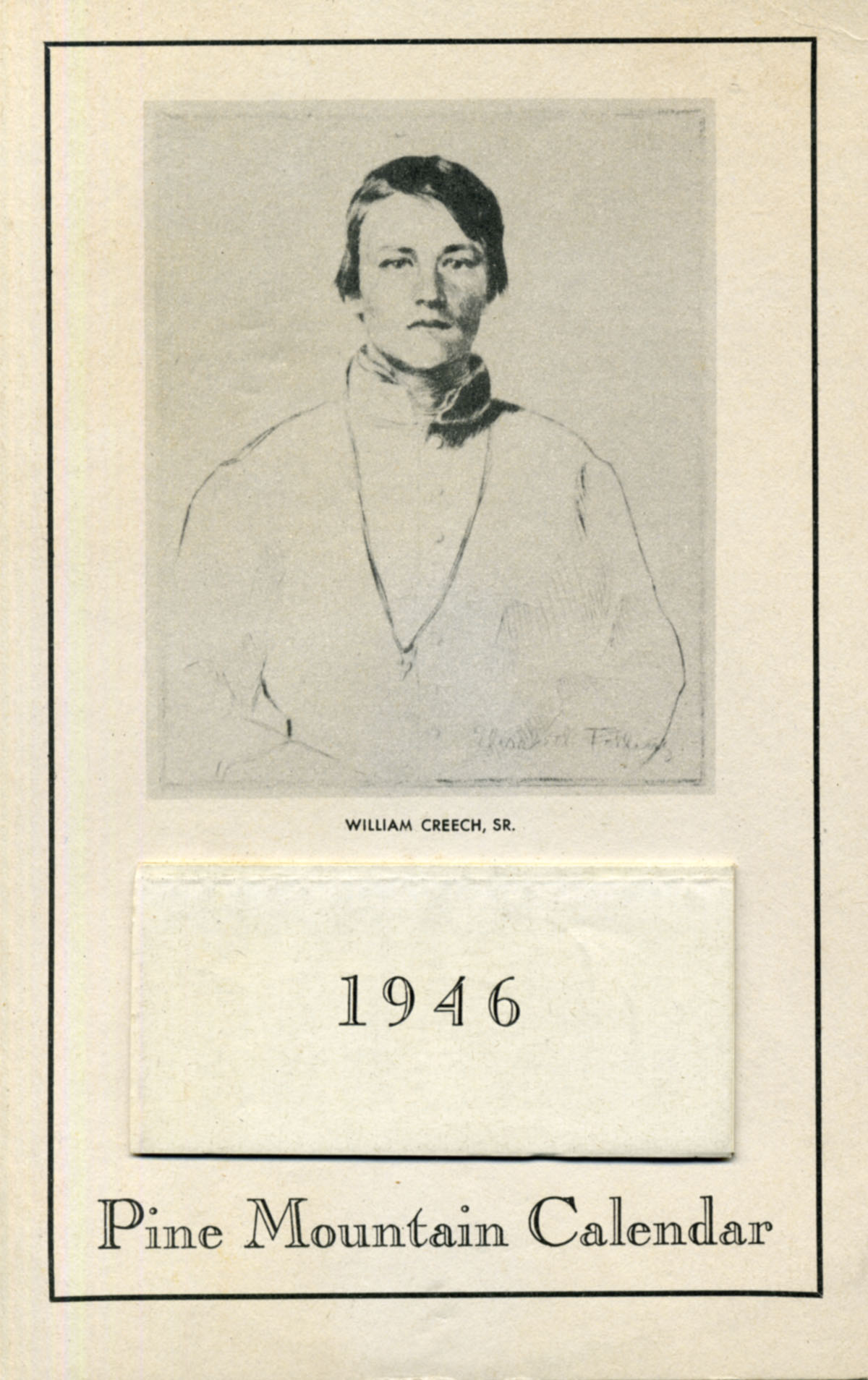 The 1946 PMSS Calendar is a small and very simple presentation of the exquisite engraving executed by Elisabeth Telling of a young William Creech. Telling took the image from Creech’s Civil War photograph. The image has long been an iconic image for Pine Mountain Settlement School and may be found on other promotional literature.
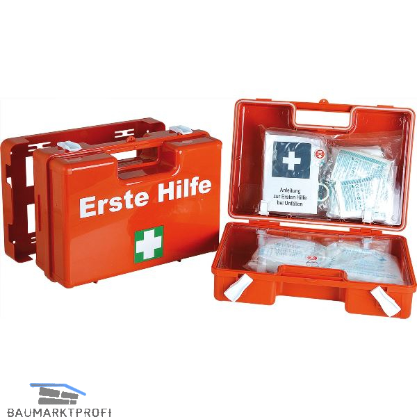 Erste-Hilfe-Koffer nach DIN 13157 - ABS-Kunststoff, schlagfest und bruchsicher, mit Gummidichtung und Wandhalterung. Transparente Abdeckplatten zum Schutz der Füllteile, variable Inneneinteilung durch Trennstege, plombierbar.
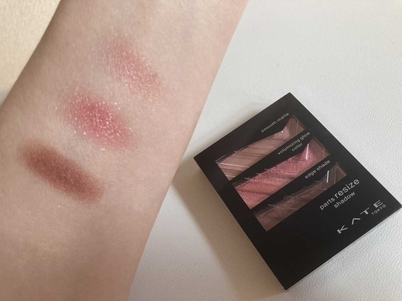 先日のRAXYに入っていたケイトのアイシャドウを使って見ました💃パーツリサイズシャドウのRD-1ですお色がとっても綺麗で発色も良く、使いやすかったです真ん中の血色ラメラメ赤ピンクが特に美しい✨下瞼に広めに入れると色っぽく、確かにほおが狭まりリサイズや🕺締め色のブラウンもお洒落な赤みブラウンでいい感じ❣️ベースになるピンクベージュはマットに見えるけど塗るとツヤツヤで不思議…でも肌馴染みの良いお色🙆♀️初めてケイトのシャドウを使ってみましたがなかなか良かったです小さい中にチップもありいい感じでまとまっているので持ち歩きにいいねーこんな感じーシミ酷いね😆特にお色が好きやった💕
○ ○ ○
**EXERCISE DESCRIPTION:**
The material must be returned exactly, with its pictures omitted.

**SOLUTION:**
 The 1946 PMSS Calendar is a small and very simple presentation of the exquisite engraving executed by Elisabeth Telling of a young William Creech. Telling took the image from Creech’s Civil War photograph. The image has long been an iconic image for Pine Mountain Settlement School and may be found on other promotional literature.
 Erste-Hilfe-Koffer nach DIN 13157 - ABS-Kunststoff, schlagfest und bruchsicher, mit Gummidichtung und Wandhalterung. Transparente Abdeckplatten zum Schutz der Füllteile, variable Inneneinteilung durch Trennstege, plombierbar.
 先日のRAXYに入っていたケイトのアイシャドウを使って見ました💃パーツリサイズシャドウのRD-1ですお色がとっても綺麗で発色も良く、使いやすかったです真ん中の血色ラメラメ赤ピンクが特に美しい✨下瞼に広めに入れると色っぽく、確かにほおが狭まりリサイズや🕺締め色のブラウンもお洒落な赤みブラウンでいい感じ❣️ベースになるピンクベージュはマットに見えるけど塗るとツヤツヤで不思議…でも肌馴染みの良いお色🙆♀️初めてケイトのシャドウを使ってみましたがなかなか良かったです小さい中にチップもありいい感じでまとまっているので持ち歩きにいいねーこんな感じーシミ酷いね😆特にお色が好きやった💕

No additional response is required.